Bio Medical & Circuit Simulation LAB
Biomedical Engineering
Biomedical Engineering (BME) is an interdisciplinary field that merges principles from engineering, biology, medicine, and physical sciences to improve healthcare through the development of innovative medical technologies, devices, and systems. Biomedical engineering research is a dynamic field that is central to the development of innovative healthcare solutions. By merging engineering with biology and medicine, researchers in this field aim to enhance diagnosis, treatment, and overall patient care, ultimately transforming healthcare systems globally. With ongoing advancements in technology and a focus on addressing healthcare challenges, the future of biomedical engineering is poised to revolutionize medicine in exciting and impactful ways. The research activities in our lab involve versatile projects on the field of biomedical instrumentation, disease detection using machine learning algorithm, and signal processing. 1. WIRELESS HEART MONITORING SYSTEM USING ECG
Health monitoring solution designed to provide real-time data on cardiac activity, heartbeat, and blood oxygen levels (SpO2) using electrocardiogram (ECG) technology. This device leverages Bluetooth technology to enable wireless communication, ensuring ease of use and flexibility for users. The integration of Bluetooth allows seamless data transmission to a dedicated mobile application, which has been developed to display the monitored values in an intuitive and user-friendly interface. The system’s primary objective is to facilitate continuous monitoring of heart health, providing users with critical information that can be used for personal health management and early detection of potential cardiac issues. Author – Razia Sultana
2. COVID-19 COUGH AUDIO CLASSIFICATION USING MACHINE LEARNING AND NEURAL NETWORKS
The use of machine learning (ML) and neural networks for COVID-19 cough audio classification represents an innovative approach to rapid, non-invasive disease detection. This research explores how analyzing cough sounds, which may contain unique features related to respiratory conditions, can serve as a diagnostic tool for COVID-19. Given that symptoms of COVID-19 overlap with those of other respiratory illnesses, accurately classifying cough audio has the potential to offer a quick preliminary screening method for identifying infected individuals, especially in resource-limited settings.

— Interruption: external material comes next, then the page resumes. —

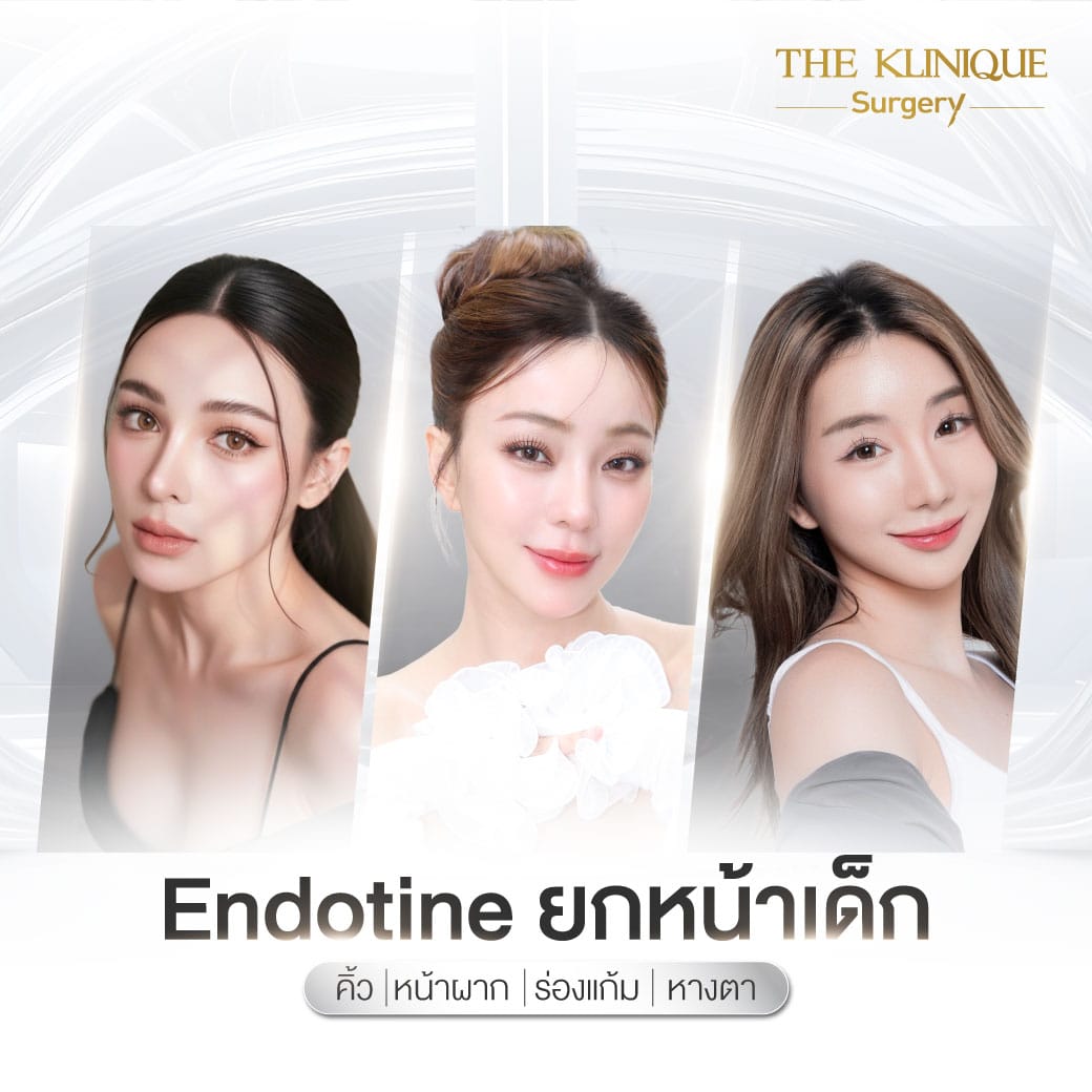 การทำ Endotine ต้องบอกว่า เป็นการทำศัลยกรรมดึงหน้า ที่ทำได้ทั้งทั่วใบหน้าหรือทำแค่บางส่วน บางจุดได้ เช่น มีปัญหาหน้าผากย่น สามารถใช้เอนโดไทน์ในการล็อกยกดึงหน้าผาก หว่างคิ้ว หรือ ใช้ในการผ่าตัด ยกหางตาตก endotine ยกคิ้ว ยกร่องแก้ม ทำแค่นิดเดียว แต่ดูเด็กลงได้เป็น 10 ปี โดยไม่ต้องทุบหน้า หรือดึงหน้าแบบในสมัยก่อน แต่สำหรับบางคนที่มีอาการหางตาตก หรือหนังตาเยอะ ไขมันชั้นตาเยอะ อาจจะมีการทำร่วมกันกับการผ่าตัดหนังตา เพื่อจัดเรียงชั้นไขมันใต้ตา หรือ เทคนิคการกรีดเปิดหางตาเพียงแค่นิดเดียว อย่างเช่นคุณต้นหอม ซึ่งแค่ทำ Endotine บริเวรหน้าผากกับตา ก้ดูเปลี่ยน แต่ไม่ใช่การเปลี่ยนหน้าใหม่ แต่เปลี่ยนผิวว ที่ดูหย่อนคล้อย ดูแก่ ให้กลับมาเด้กอีกครั้ง มีความเต่งตึง เปล่งปลั่ง และเห็นผลลัพธ์อยู่ได้นาน

Used ML algorithms to detect the Covid-19: 1. Gaussian Naive Bayes (GNB) 2. Support Vector Machine (SVM) 3. Random Forest (RF). Author – Tanvir Ayon, Aniva Anny
3. ADVANCE DEEP LEARNING FOR ACCURATE CLASSIFICATION OF RARE AND COMMON SKIN DISEASE
The research offers an advanced deep learning method for the identification of skin conditions by utilizing a carefully selected dataset with 1159 photos divided into eight target attributes: FU-nail-fungus, PA-cutaneous-larva-migrans, FU-athlete-foot, FU-ringworm, and BA-impetigo. The Kaggle dataset offers a well-rounded base for training and assessment, with a fair distribution of photos across different skin conditions. DenseNet121, InceptionV3, ResNet50, MobileNetV2 VGG16 and Xception are some of the modern deep learning algorithms used in the study to create a reliable and effective skin disease diagnosis model. Author – MD. Abul Hossain, Maharshi Chakma
4. EMG-Controlled Robotic Hand
The creation of a bionic hand represents a significant leap forward in the field of biomedical engineering, with the potential to dramatically improve the quality of life for amputees by restoring hand functionality, dexterity, and a sense of independence. This project meticulously details the entire process of designing, developing, and testing a highly functional, yet cost-effective, bionic hand prototype. Central to this effort is the integration of advanced sensory feedback mechanisms that aim to closely replicate the nuanced and complex movements of a natural human hand. Author – Md. Moshiul Islam, Md. Shakil Sarker, Rana Debnath, Mashrul Khan Chowdury
5. Effects of temperature on electrical impedance of biological tissues: ex-vivo measurements
Bioelectrical impedance techniques have been useful in various applications, including body composition analysis, impedance plethysmography, impedance cardiography, lung ventilation, perfusion, and tissue characterization. Electrical impedance methods have also been useful in characterizing different foods like meat, fruits, and beverages. However, the temperature of tissue samples can change their dielectric properties, affecting their impedance. This research investigated the effects of temperature on the impedance of various biological tissues over the frequency range of 10 Hz to 5 MHz. Freshly excised animal tissues (lamb, cow, chicken), fish, fruits, and plants were considered as biological samples. The samples were placed in a test cell and submerged in a water bath heated by a hot plate to vary the temperature. Impedance measurements were conducted using a bioimpedance spectrometer in 2 °C steps within the temperature range of 20 °C to 50 °C. Impedance values decreased with increased temperature across all measurement frequencies for all biological samples. Author – Safia Aktar Dipa.